In this article, I will consider four assumptions of linear regression. I cannot forget to mention that some method modifications are not that strict about assumptions and can demand them in a weaker form than standard linear regression.

The four assumptions for linear regression are:

Linearity
- the existence of a linear relationship between variables
Homoscedasticity
- constant variance – residuals are independent of the predictor variables
Independence
- residuals are independent of each other
Normality
- residuals are normally distributed

What Technologies Am I Going To Use?

I'm enthusiastic about Python, so my programming language of choice is evident. I chose to use GoodData.CN – cloud-native analytics platform.

The reasons why I chose GoodData.CN are:

The logical data model (LDM) holds information about attributes, facts, datasets (tables), and their relationships.
Metrics – GoodData.CN allows users to create, store and reuse metrics. Metrics are aggregation functions that do not require any joins and adapt to the context, thanks to LDM.
GoodData's Python SDK allows me to work with LDM, metrics, and access data from GoodData.CN in Python pandas data frame.

An example of Logical Data Model

An example of a revenue metric containing another metric order amount showing that we can reuse metrics in other metrics.

The figure above shows an example of a pandas data frame containing attribute campaign name, fact price, and metric revenue.

Note that metric revenue without any joins is used, and even though facts budget and price are both in different datasets, we get valid results.

Let's Automate Our Statistical Data Analysis

I will now describe my proposed pipeline, and then I shall present my results.

Generate all possible combinations without repetition – triplets consisting of precisely one attribute, metric/fact, and metric/fact. Thanks to the logical data model and Python SDK, this task becomes trivial. The logical data model gives me information about what attributes, facts, and metrics I can combine.
For every combination, get a data frame using GoodData Python SDK.
For every data frame combination, evaluate linear regression assumptions.
Sort triplets in descending order of the number of valid assumptions.
Enjoy your analyzed data.

My proposed pipeline seems quite simple, but the tricky parts are hidden in the details – like what statistical tests are used for assumption validation, thresholds for statistical tests hypothesis, etc. Such details are subject to personal choice.

In the following section, I will demonstrate how simple it is to implement parts of the pipeline mentioned above.

content_service = sdk.catalog_workspace_content
catalog = content_service.get_full_catalog(workspace_id)

# Get attributes
attributes = []
for dataset in catalog.datasets:
    attributes.extend(dataset.attributes)

# Get metrics
metrics = catalog.metrics

# Get facts
facts = []
for dataset in catalog.datasets:
    facts.extend(dataset.facts)

As you can see above, using a few lines of code, you can access workspace content – LDM.

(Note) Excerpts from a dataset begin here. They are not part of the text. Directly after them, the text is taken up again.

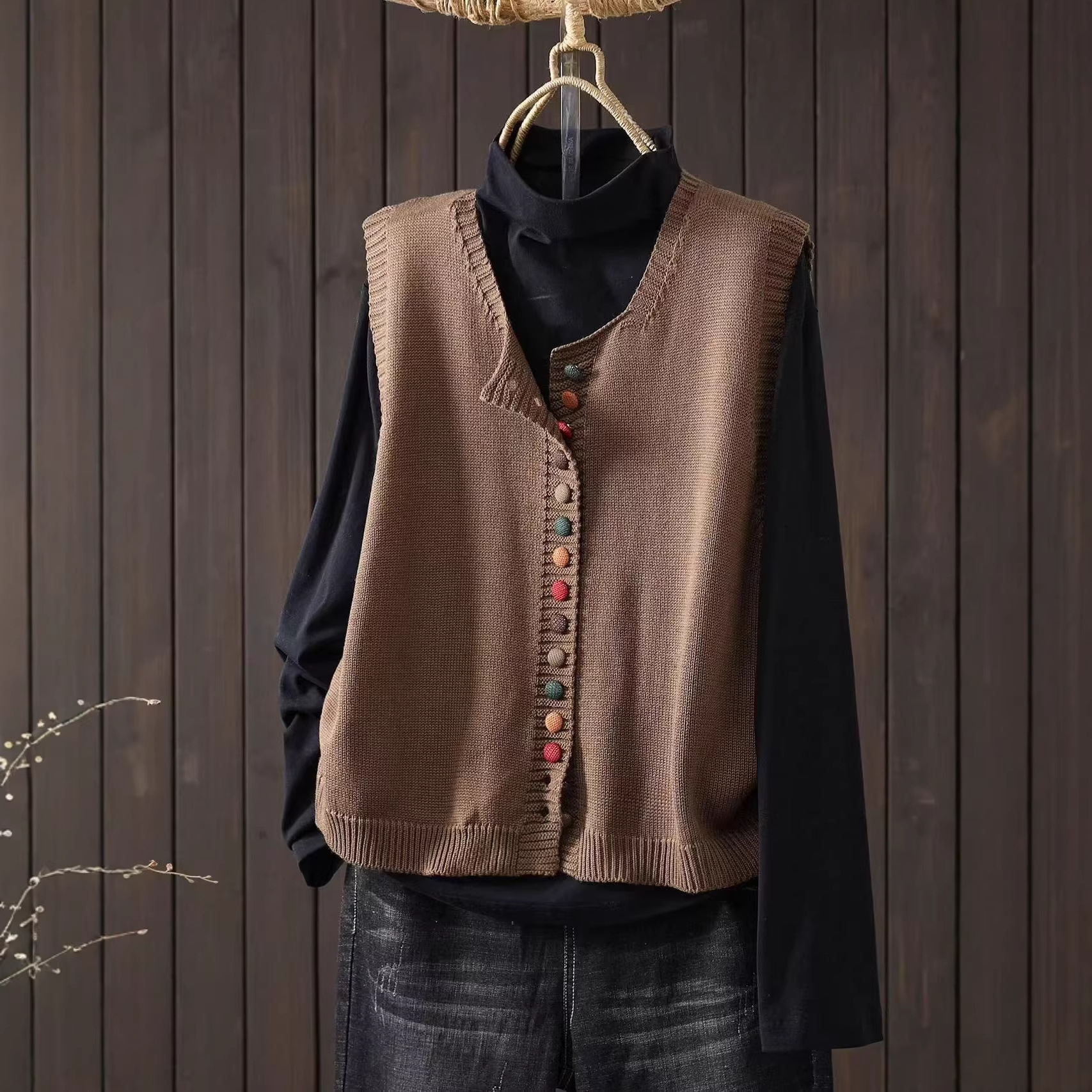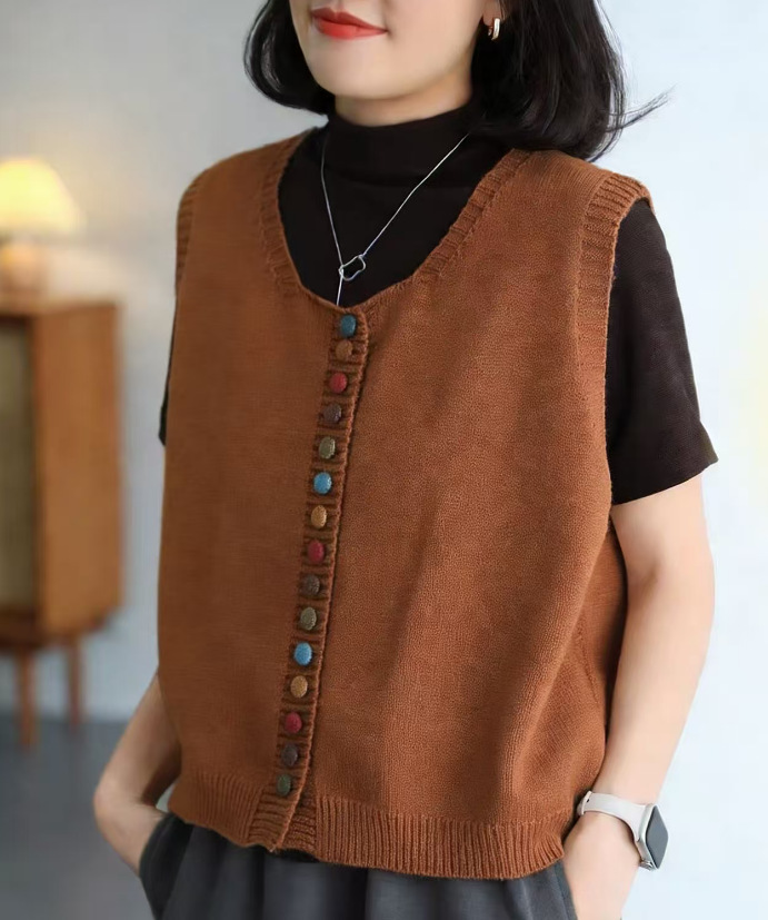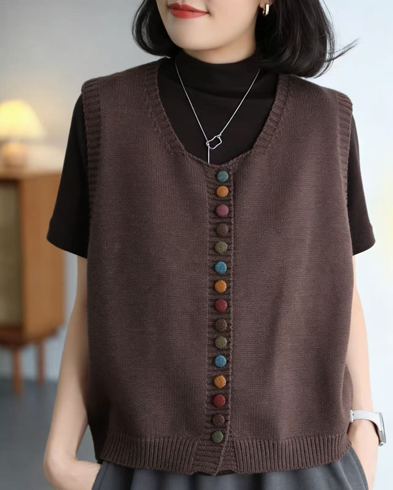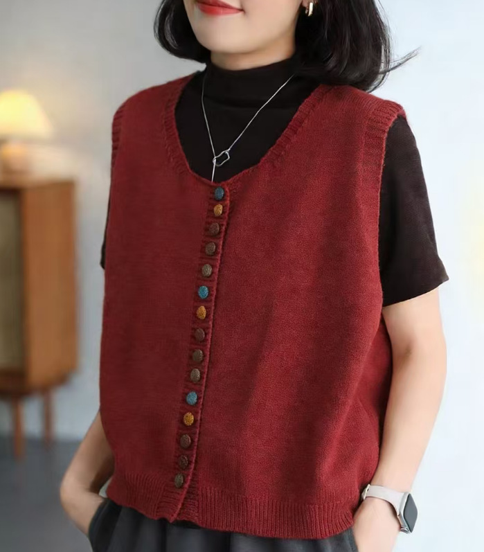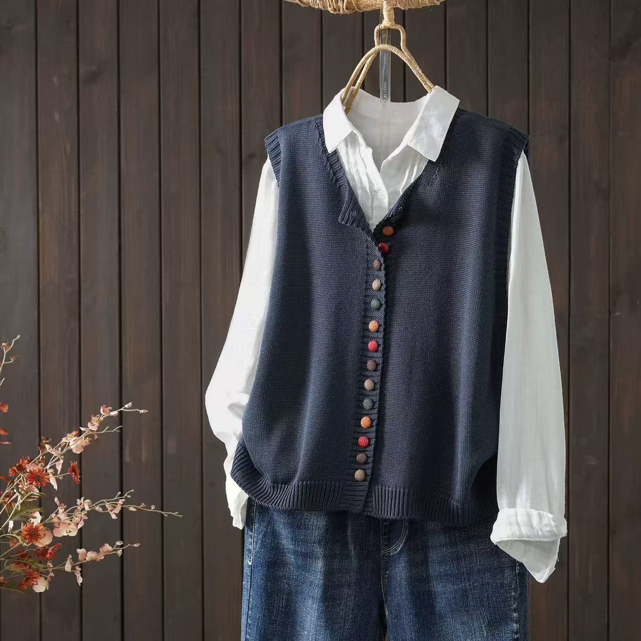 화려한 버튼 코튼 니트 조끼 여성의 느슨한 슬리밍 가을 예술적 캐주얼 스택 민소매 조끼스토어 가기
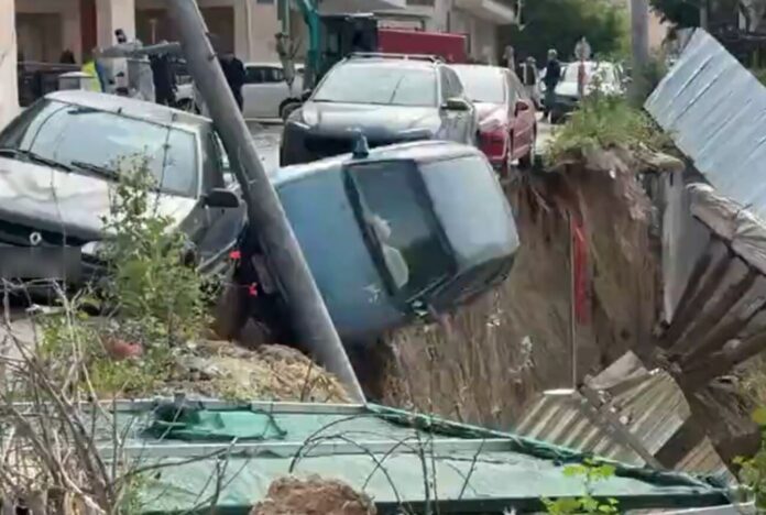 Αποτέλεσμα ήταν να προκληθούν ζημιές σε αυτοκίνητα που ήταν σταθμευμένα στο σημείο, ενώ λίγη ώρα μετά ένα από τα οχήματα έπεσε στο κενό.
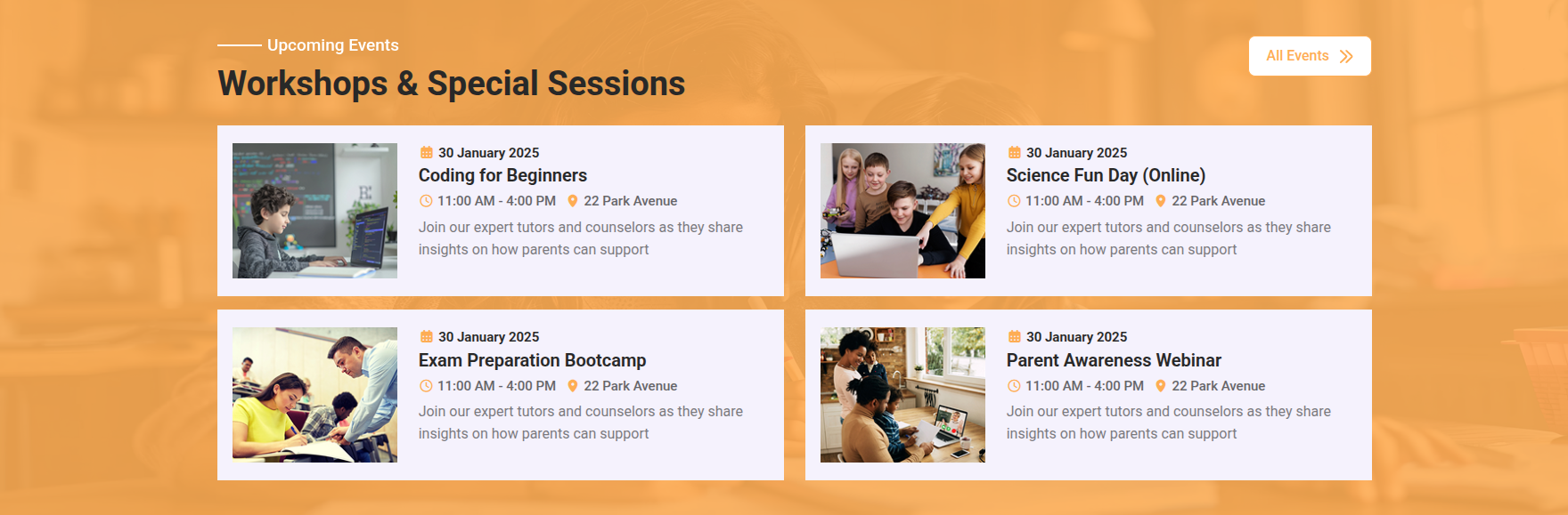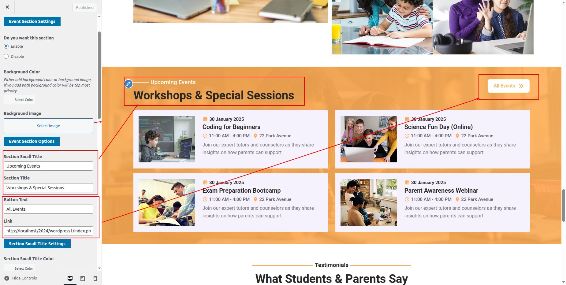Go to Appearance >> Customize >> Theme Settings >>Events Section
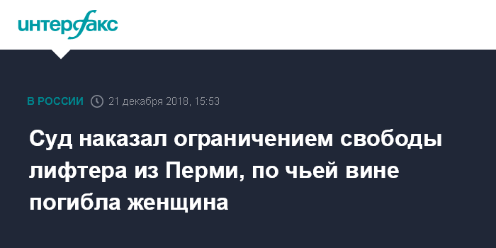 Москва. 21 декабря. INTERFAX.RU - Суд в Перми вынес обвинительный приговор бывшему лифтеру, из-за которой в шахте лифта разбилась 68-летняя женщина, сообщается в пресс-релизе регионального Следственного управления СКР в пятницу.
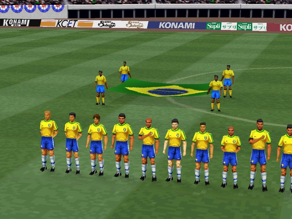 于是,KCET,当时Konami旗下一个默默无闻的制作小组被委以重任:熟悉PS机能,开发PS上3D的十一人足球游戏,名为“胜利十一人(Winning Eleven,以下简称WE)”。 众所周知,真实足球中的传球往往要计算到对方防守空档前的提前量进行传球的,而以往的任何足球游戏并没有真正表现真实足球中传球的这个特点,基本上都是面对球员正面方向进行传球。威胁球系统的出现,是“《WE》系列”第一次成功模拟出真实足球特性,这也成为随后《WE》发展中的招牌特性。同时,根据按键时间长短而导致力量大小的力量槽系统也在本作中正式出现,这也使得游戏的操作要求更加精确。
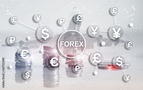 Forex trading currency exchange business finance diagrams dollar euro icons on blurred background.
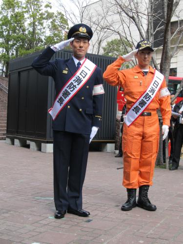 歌舞伎俳優の中村勘九郎(31)と、弟・中村七之助(29)は4日、東京・赤坂消防署の一日消防署長を務めた。勘九郎は消防、七之助はレスキュー隊の制服に身を包み、赤坂サカス(港区)で行われた消防演習に参加。放水訓練などを指揮した。
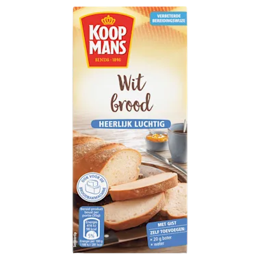 Benodigdheden voor de oven - 1 pak Koopmans Wit brood - 275 ml handwarm water - 20 g boter of margarine (kamertemperatuur) 1. Doe de mix en de boter in een beslagkom (houd eventueel één afgestreken eetlepel mix achter voor decoratie) en voeg de 275 ml water toe. 2. Kneed het geheel in circa 4 minuten met een mixer met deeghaken tot een soepel deeg. 3. Laat het deeg in de kom, afgedekt met vershoudfolie (of een theedoek), 10 minuten rijzen bij kamertemperatuur. 4. Bestrooi het aanrecht licht met bloem, druk het deeg plat of gebruik een deegroller en trek het uit tot een ovaal deegstuk. 5. Vouw de punten van het deeg naar binnen zodat ze elkaar raken en er een driehoek ontstaat. Druk dit weer plat (of gebruik een deegroller). 6. Rol het deegstuk stevig op tot een deegrol. 7. Als je het brood met de achtergehouden mix wilt decoreren, bestrijk het dan eerst met water. 8. Leg de deegrol met de naad naar beneden in een ingevet cakeblik (30 cm) of op een (ingevette) bakplaat (met bakpapier). 9. Leg een theedoek over de deegrol en laat het deeg op een warme (tochtvrije) plek 50 -60 minuten narijzen. 10. Verwarm 15 minuten voor het bakken de oven voor. 11. Bak het brood onderin de oven in circa 25 minuten gaar en bruin. Benodigdheden voor de broodbakmachine 1 pak Koopmans Wit brood 300 ml koud water 20 g boter of margarine Bereidingswijze voor de broodbakmachine 1. Doe de 300 ml koude water in de bakvorm 2. Voeg daarna de broodmix en de boter toe. 3. Stel de broodbakmachine in op het gewenste programma (bijv. normaal) en start het programma 4. Laat het gebakken brood afkoelen op een rooster.

numbers: list[Numeric] = []
numbers.extend(metrics)
numbers.extend(facts)

combinations = set()
pairs = itertools.combinations(numbers, 2)
for pair in pairs:
    valid_objects = content_service.compute_valid_objects(workspace_id, list(pair))
    for a in valid_objects.get("attribute", []):
        attribute = catalog.find_label_attribute(f"label/{a}")
        if attribute:
            combinations.add(Triplet([attribute] + list(pair)))

Using the compute valid objects method, I can find out what other LDM entities I can add to the combination of metric/fact and metric/fact, making a valid combination accessible.

pandas = GoodPandas(os.getenv('HOST'), os.getenv('TOKEN'))
df_factory = pandas.data_frames(workspace_id)
combinations = load_combinations()
columns = list(combinations)[0].as_computable_dictionary
data_frame = df_factory.not_indexed(columns)

The code snippet above is an example of getting non-indexed pandas data frames using generated combinations of triplets.

You can find the code implementing the pipeline above with a script for setting up the GoodData.CN CE environment in the GitHub repository.

The figure above shows the linear regression returned as the best one with all four passed assumptions.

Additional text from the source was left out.